In essence, one cannot claim to present workers‘ everyday life and what these experiences mean to them without immersion into workers‘ lives. Throughout the seven months of daily visits to Dunlop and other visits with workers, shop stewards, their households and families, at times boundaries between researcher and participant become blurred. Bonnin (2007) did her research on the political violence in Mpumalanga Township, Hammarsdale. She found that being a woman, having an active role during the anti-apartheid struggle and her own personal experience of political violence from when she was working with workers at BTR Sarmcol and having friends and comrades that were victims of political violence, gave her a sense of common identity with the women she was researching in Mpumalanga Township. Marks (2004, 2005) did her research on the police in Durban. She found that as she increasingly gained access and the deeper she went into her role as participant observer, the more complicated and blurred was her identity and role as observer versus participant.
My participant observation deepened as I steered away from a focus on the college to a concern with the unit more broadly. I established an arrangement with the Head of Public Relations, Captain Dada, with regard to my participation in daily operations. I would call Captain Dada in the morning and check what operations were taking place and whether arrangements could be made for me to join the unit in whatever activity they were engaged in… After briefing, I would travel in one of the police vehicles to the scene of the event. I tried to be as unobtrusive as possible; for the most part I played the role of observer-as-participant. However, there were times at which I was more of a participant than an observer, as this article demonstrates below (Marks, 2004:872-3).
She further mentions that at times she would be asked to comment during police debriefing sessions and at times during an operation, she would be asked to strip- search female suspects. This research had scenarios of complication when it was difficult to ascertain the differing role of researcher versus participant. During the strike, the researcher was asked by shop stewards to do several things, one of them was to organise media to cover the strike with the local press. This was after workers were frustrated with what they perceived as being the failure of the regional office of NUMSA to organise a march to the city centre and bring press media to highlight the strike. He was also asked to give input and make analysis for workers during various stages of the strike and in various meetings workers had after the strike. Furthermore he found himself participating and making input in shop steward executive committee meetings on various issues as well as being invited to participate in both formal and informal conversations of shop stewards and workers in the shop stewards office.
The researcher has also been asked by workers- mostly shop stewards- to help them on various aspects of their work, which gave him even more understanding of the shop floor and trade union experience at Dunlop. He has also been asked and in some cases has actually offered help on personal issues relating to workers, ranging from helping some workers with their children to apply for tertiary education at UKZN, but mostly, relating to this research.

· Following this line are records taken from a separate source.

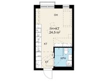Tässä tehokkaassa yksiössä neliöt on hyödynnetty viisaasti. Avoin keittiö ja oleskelutila muodostavat ilmavan kokonaisuuden, jota täydentää valoa antava suuri ikkuna ja ranskalainen parveke. Tilavassa kylpyhuoneessa on varaus pyykinpesukoneelle.
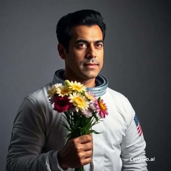 AI Image: Studio portrait of an astronaut holding flowers, dramatic lighting . Salman khan actor is in the pic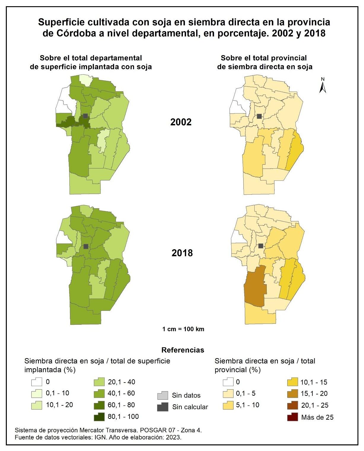 Figura 3.1. Evolución de la superficie cultivada en la provincia de Córdoba a nivel departamental, en porcentaje. Años 1988, 2002 y 2018.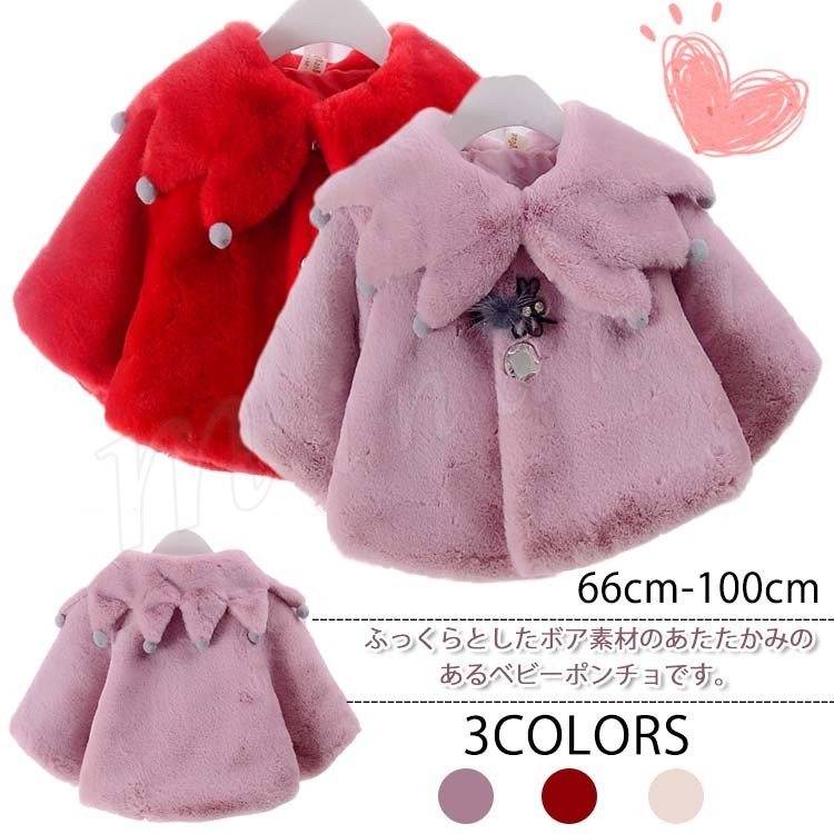 女の子 ポンチョ コート ファー 子供服 マント コート 子供 キッズ 可愛い 毛皮コート ファーコート フェイクファー 子供服 発表会 入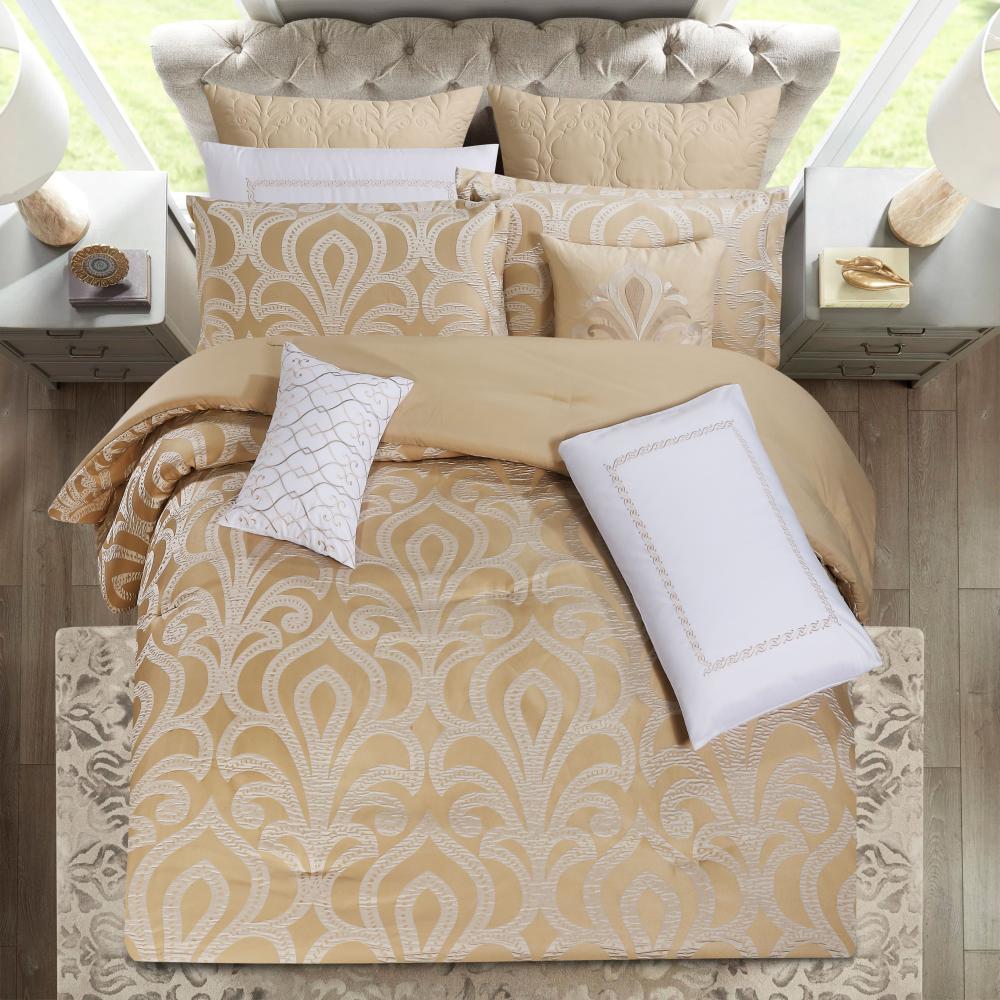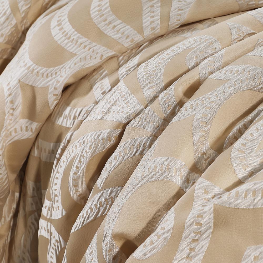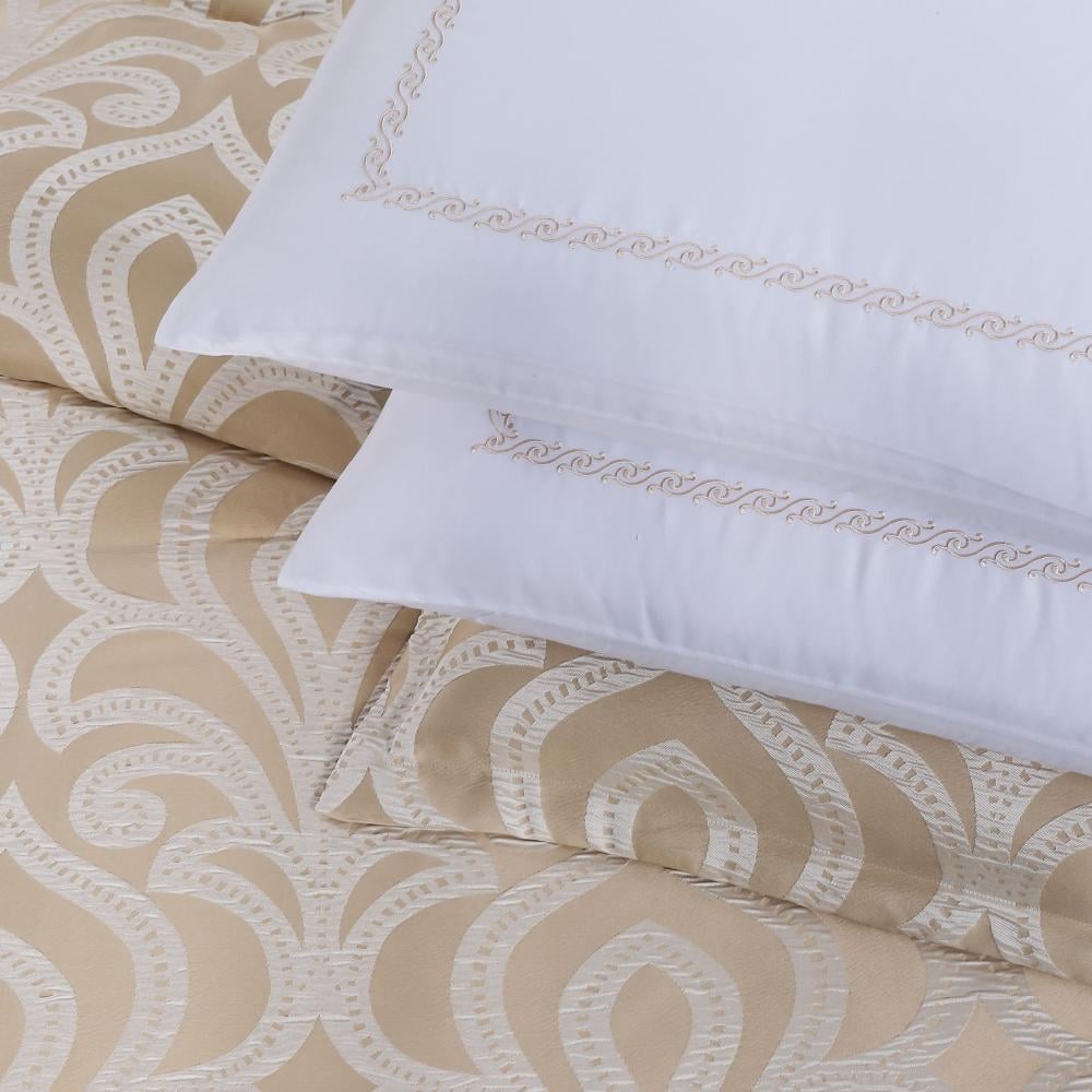 صُمم وجه المفرش من جاكار فاخر بنقشة داماسكو الملكية Royal Damask، مستوحاة من زخارف القصور الأوروبية، بتكرار كلاسيكي يضفي فخامة جريئة ومهيبة.

The researcher has
travelled to numerous locations of KZN and some parts of Eastern Cape, driving workers to their rural homesteads for a variety of family, cultural and religious events. These trips have become an important part of the observation research on linkages between workers‘ urban and rural lives. Many of the questions pertaining to household livelihoods, rural-urban linkages and workers‘ everyday lives were answered during these coincidental visits to places like Estcourt, Umnambithi, Flagstaff, High-flats, Phongola, Kwa-Nongoma, eMphophomeni, Mangethe; as well as various township households in and around Durban.